The Seattle Times has a good article on managing passwords. I particularily like their password tips:

1 Use at least seven or eight characters, with numbers, symbols and letters. Random arrangements are stronger than words you can find in the dictionary.

2 Think of a phrase or sentence that you’ll remember but others won’t know and then take the first letter of each word and substitute numbers or symbols for some of them. “My favorite jacket is at the cleaners” becomes MFJIATC or [email protected].

3 If you really want to use your dog’s name, save it for news sites or accounts that don’t contain sensitive information. Use a stronger password for more critical accounts or financial services.

4 If you store your passwords, use an encrypted file or password manager. Don’t leave them on your hard drive in an open file labeled: “passwords.doc.”

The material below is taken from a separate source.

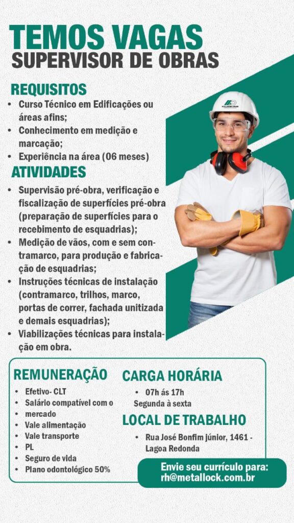 As vagas são divulgadas da mesma forma que recebemos. Não nos responsabilizamos pelas vagas, nem pelas informações fornecidas referente as mesmas, também não nos responsabilizamos pela idoneidade das empresas e instituições, apenas divulgamos as vagas que recebemos. Alertamos à buscar informações sobre as empresas que estão disponibilizando as vagas, através de contato por telefone ou e-mail divulgados nas mesmas, além de pesquisar na internet ou outros meios. Tome muito cuidado com locais (empresas ou instituições) que cobram taxas para garantir vagas ou para garantir uma colocação no mercado de trabalho. Esteja atento (a) a localização (endereço) da entrevista e do local de trabalho, se não conhecer ou achar que é um lugar isolado, vá com uma companhia ou não vá. Ter um emprego para garantir seu sustento e de sua família é importante, mas sua segurança e integridade também é, por isso, esteja atento. Se você é menor de idade vá acompanhado (a) de um (a) responsável.

There is a good discussion on password managers available to include browser password managers, OpenID, information cards, CardSpace, and others. I happen to like an application called RoboForm. RoboForm manages passwords, identities, generates random passwords and quite a bit more. One key is to make sure that you do use a master password, otherwise all of your information is open if someone gets access to your computer.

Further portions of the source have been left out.